As our eyes adjust, the contours of the chamber begin to resolve in the meager light. The floor stretches out in a roughly circular shape, the center dominated by what can only be described as a settlement—crude shelters constructed from salvaged materials, arranged in a vaguely ordered pattern around a central open space. Evidence of long-term habitation surrounds us: discarded clothing, containers repurposed from modern hiking gear, tattered tarps strung up to create private spaces.

“They’ve been living here,” I say, the realization settling cold in my stomach. “Not just existing. But living.”

Aubrey moves toward the nearest shelter, a structure cobbled together from broken tent poles and weather-beaten fabric. She crouches at its entrance, shining her light inside.

“Look at this,” she calls, her voice tight with tension.

I join her, peering into the small space. Inside lies a pallet of filthy blankets and rags, arranged with clear purpose as a bed. Beside it, a small collection of objects are carefully displayed on a flat stone: a tarnished locket, a man’s watch with a cracked face, a child’s plastic toy—a horse, its paint mostly worn away.

Reminds me of Duke.

“Possessions,” Aubrey says softly. “Mementos.”

“Or trophies,” I counter grimly, unable to ignore the implication. “From their victims.”

She straightens, sweeping her light across the settlement. “This suggests a level of intelligence, of organization. Nathaniel or Lainey. They’ve maintained enough of their humanity to create shelter, to collect and arrange objects with meaning.”

“Different stages, maybe,” I suggest, examining a pile of modern hiking equipment—torn backpacks, single boots, broken trekking poles—gathered near one of the larger shelters. “The longer they’ve been transformed, the more they retain or recover. Hank and Red are newly changed. But these others…Nate called them the originals. They’re different.”

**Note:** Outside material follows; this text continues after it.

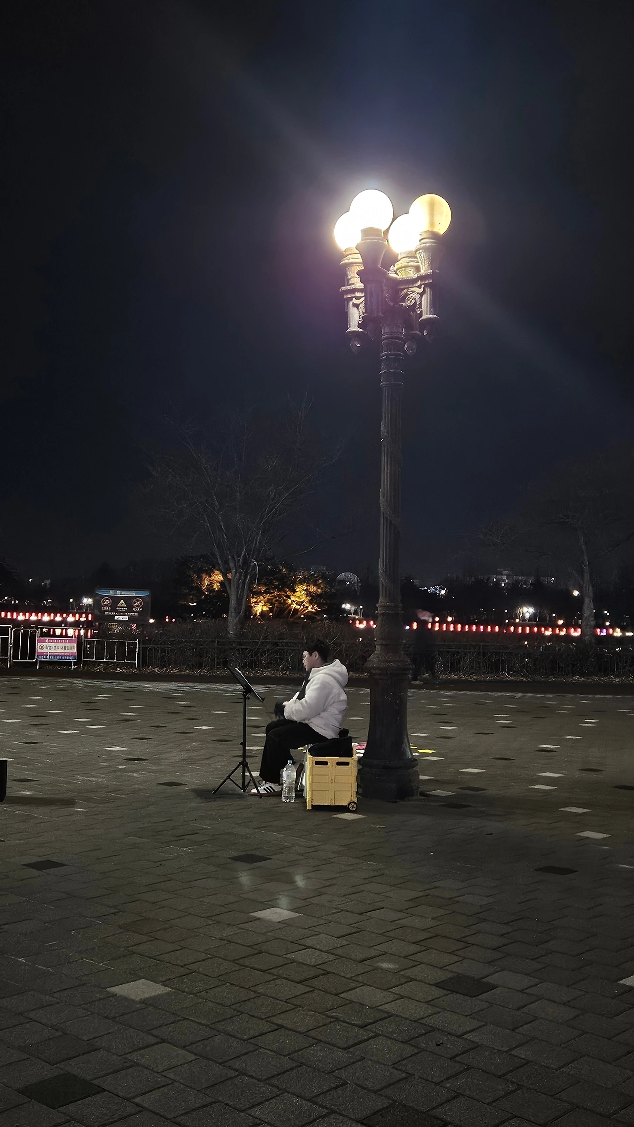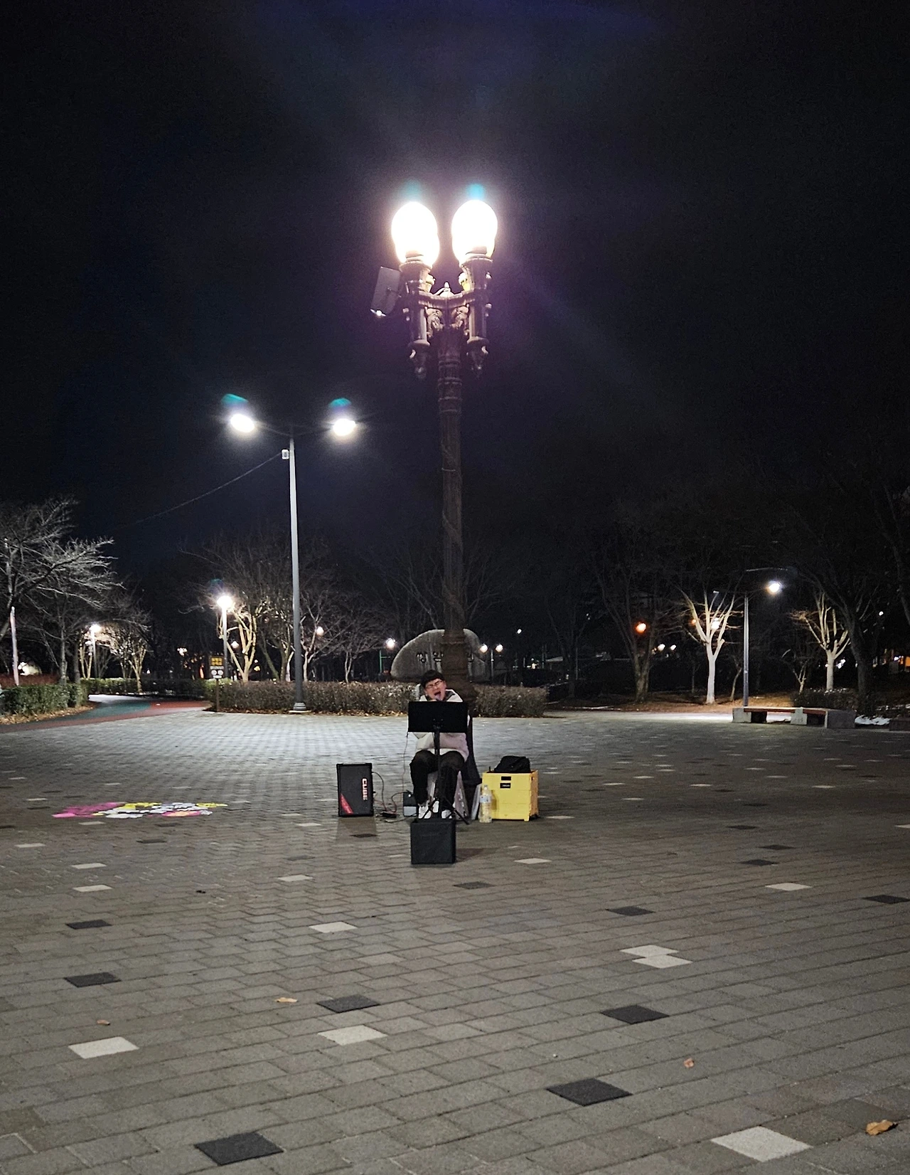 지난 주말 저녁, 인근 공원에 산책 갔다. 매일 만보 걷기 인증을 위해서다. 강추위는 풍경도 낯설게 만든다. 평소 많은 이들로 북적이던 공원 길이 간간이 보이는 사람들로 한산했다. 목도리를 얼굴까지 감싼 분, 롱패딩을 입은 채 움츠리는 분, 잠바를 입고 러닝 하는 분, 강아지를 앞 세워 걷는 사람까지 다양한 산책의 풍경이다. 불어오는 칼바람은 맨살을 찌르듯 날카롭다. 이런 날에 들리는 노랫소리는 예사롭지 않다. "이렇게 추운 날 누가 공연을 할까" 노래가 이끄는 쪽으로 향했다. 광장 한 켠에서 버스킹을 하고 있는 한 남성이 있었다. 관객이 아무도 없어 지나칠 수가 없었다. 몇 명의 관객이 올 때까지 자리를 지키자며 선 채로 몸을 좌우로 흔들면서 노래를 들었다. 길거리 가수는 무슨 사연으로 이 추운 곳에서 노래를 부르고 있을까.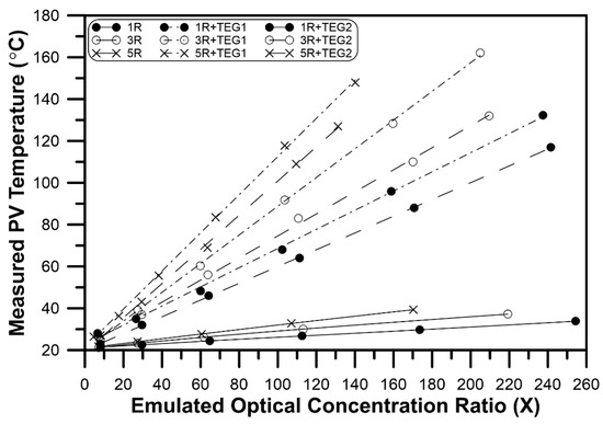Increasing the area of the presumed PV cells on top of the TEGs (that were replaced by heating elements in this study) resulted in a greater increase in the overall system temperature compared to that of a system whose PV cells were in direct thermal contact with the heat sink only (without any intermediate TEG). This increase in temperature reduced the electrical output power of the PV cells. Such a reduction in the PV electrical output was subsidized by the electrical power generated by the TEG. The PV cells’ temperature (represented by the temperature of the heating elements) was measured at different emulated optical concentration ratios and plotted in Figure 6. In this figure, 1R represents a CPV/TEG system with one PV cell (i.e., one heating element) attached on top of it, and 3R represents a CPV/TEG system with three PV cells attached, and so on. The number of heating elements placed on the TEG was then increased one by one, and the temperature of the hot surface representing the PV cells was measured at each step. Heating elements connected to the heat sink only (without TEGs) showed the lowest temperatures compared to those connected to either of the TEG modules. This was because there were no intermediate objects between the heating elements and the heat sink (except for a thin layer of thermal grease to increase thermal conductivity). Hence, such a configuration had better heat dissipation. Introducing TEG elements resulted in an expected rising system temperature (because of the TEG thermal resistances), hence reducing the electric output power of the proposed PV cells accordingly, as will be discussed later.

Perhaps they can even be reasoned with.

Perhaps that’s our way out of here.

“Some of these items look decades old,” Aubrey notes, carefully lifting a metal canteen of a design I haven’t seen since my grandfather’s day. “And look at this.”

Her light illuminates a far section of the chamber where the evidence of habitation becomes progressively older, more primitive. Structures made from branches and animal hides. Tools fashioned from bone and stone. Artifacts that speak of generations of occupation, stretching back far longer than seems possible.

“This can’t be right,” I mutter, crouching to examine what appears to be a handmade clay pot, its surface decorated with crude symbols that echo the marks Lainey left. “The Donner Party incident was only 175 years ago. These artifacts look fuckin’ prehistoric.”